Data provided:
--- START ---
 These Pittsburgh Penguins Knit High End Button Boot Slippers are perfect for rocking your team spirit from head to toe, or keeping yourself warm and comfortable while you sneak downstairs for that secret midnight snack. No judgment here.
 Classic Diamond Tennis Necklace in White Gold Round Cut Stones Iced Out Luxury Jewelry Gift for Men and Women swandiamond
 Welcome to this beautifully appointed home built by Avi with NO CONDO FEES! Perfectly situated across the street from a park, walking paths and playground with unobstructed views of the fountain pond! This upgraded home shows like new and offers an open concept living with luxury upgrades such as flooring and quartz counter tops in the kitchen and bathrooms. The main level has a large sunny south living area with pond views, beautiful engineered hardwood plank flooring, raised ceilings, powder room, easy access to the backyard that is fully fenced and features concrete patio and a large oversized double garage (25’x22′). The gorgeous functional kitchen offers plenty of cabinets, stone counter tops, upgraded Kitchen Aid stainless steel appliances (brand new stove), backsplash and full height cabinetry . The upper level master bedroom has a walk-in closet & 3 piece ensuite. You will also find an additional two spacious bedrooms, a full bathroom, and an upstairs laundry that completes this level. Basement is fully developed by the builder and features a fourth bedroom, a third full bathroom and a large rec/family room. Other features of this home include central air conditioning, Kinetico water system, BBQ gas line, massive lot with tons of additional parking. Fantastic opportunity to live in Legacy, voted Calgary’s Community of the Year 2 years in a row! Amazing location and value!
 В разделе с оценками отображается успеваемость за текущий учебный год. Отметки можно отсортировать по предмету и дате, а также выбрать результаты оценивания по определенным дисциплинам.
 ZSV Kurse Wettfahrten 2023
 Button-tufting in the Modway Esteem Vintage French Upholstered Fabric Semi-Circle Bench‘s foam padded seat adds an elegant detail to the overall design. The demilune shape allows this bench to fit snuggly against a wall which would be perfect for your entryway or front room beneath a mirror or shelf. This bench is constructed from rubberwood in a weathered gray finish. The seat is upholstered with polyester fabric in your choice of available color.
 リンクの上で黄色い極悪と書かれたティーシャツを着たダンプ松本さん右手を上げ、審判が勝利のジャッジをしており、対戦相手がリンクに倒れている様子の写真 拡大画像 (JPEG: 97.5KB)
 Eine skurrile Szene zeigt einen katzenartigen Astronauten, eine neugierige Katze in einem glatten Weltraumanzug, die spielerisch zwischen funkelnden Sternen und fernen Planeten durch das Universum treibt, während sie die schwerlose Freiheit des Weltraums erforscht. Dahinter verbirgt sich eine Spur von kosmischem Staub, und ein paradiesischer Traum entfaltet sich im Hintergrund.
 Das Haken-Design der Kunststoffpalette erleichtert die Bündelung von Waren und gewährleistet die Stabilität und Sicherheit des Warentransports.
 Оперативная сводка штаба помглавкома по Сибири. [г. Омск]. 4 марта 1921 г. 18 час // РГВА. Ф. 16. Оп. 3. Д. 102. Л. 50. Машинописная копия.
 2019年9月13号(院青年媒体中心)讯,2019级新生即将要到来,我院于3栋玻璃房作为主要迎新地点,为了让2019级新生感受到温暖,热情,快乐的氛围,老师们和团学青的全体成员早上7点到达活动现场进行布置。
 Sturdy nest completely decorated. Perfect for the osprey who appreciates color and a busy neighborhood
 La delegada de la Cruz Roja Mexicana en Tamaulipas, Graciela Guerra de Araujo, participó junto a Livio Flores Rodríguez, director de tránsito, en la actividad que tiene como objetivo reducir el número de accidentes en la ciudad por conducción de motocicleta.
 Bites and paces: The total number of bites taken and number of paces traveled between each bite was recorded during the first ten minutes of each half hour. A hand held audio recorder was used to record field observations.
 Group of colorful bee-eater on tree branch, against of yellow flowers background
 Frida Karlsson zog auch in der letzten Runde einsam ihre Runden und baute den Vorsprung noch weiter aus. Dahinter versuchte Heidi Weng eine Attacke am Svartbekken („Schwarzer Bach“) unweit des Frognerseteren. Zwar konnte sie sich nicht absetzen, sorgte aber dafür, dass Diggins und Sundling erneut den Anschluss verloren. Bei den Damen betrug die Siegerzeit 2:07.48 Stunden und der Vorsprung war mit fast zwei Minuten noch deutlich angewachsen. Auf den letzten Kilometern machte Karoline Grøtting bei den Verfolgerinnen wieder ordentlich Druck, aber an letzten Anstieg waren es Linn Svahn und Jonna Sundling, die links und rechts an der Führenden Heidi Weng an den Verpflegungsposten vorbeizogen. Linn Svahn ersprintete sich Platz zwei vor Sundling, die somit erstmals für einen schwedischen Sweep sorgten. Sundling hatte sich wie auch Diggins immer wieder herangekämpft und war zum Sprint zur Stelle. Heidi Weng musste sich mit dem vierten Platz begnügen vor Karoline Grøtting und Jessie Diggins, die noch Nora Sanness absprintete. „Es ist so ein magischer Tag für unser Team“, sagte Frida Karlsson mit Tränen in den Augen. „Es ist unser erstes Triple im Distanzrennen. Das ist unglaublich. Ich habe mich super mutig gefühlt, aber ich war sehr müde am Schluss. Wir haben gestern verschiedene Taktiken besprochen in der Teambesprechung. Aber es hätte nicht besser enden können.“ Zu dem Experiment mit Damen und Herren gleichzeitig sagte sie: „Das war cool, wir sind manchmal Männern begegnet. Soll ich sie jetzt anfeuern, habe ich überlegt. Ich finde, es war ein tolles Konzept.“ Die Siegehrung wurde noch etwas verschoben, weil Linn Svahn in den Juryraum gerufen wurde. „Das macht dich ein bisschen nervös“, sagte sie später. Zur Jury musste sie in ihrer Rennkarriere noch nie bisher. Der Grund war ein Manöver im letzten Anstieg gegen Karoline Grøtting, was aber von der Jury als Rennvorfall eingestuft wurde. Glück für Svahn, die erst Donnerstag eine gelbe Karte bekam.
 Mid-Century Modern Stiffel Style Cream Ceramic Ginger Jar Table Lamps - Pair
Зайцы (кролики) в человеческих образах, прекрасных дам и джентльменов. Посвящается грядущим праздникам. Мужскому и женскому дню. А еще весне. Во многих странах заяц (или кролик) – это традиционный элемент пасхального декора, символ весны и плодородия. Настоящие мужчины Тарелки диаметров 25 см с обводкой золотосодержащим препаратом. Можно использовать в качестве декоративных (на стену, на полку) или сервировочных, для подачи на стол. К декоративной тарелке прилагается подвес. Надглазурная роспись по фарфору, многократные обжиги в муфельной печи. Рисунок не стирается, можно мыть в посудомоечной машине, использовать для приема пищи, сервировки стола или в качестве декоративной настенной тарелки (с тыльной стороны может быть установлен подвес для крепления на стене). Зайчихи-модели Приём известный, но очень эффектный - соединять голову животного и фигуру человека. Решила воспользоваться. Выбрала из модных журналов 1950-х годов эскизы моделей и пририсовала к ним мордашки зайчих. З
--- END ---
Work to complete: Scan the material line by line and report each one that contains "your".

Exercise output:
 These Pittsburgh Penguins Knit High End Button Boot Slippers are perfect for rocking your team spirit from head to toe, or keeping yourself warm and comfortable while you sneak downstairs for that secret midnight snack. No judgment here.
 Button-tufting in the Modway Esteem Vintage French Upholstered Fabric Semi-Circle Bench‘s foam padded seat adds an elegant detail to the overall design. The demilune shape allows this bench to fit snuggly against a wall which would be perfect for your entryway or front room beneath a mirror or shelf. This bench is constructed from rubberwood in a weathered gray finish. The seat is upholstered with polyester fabric in your choice of available color.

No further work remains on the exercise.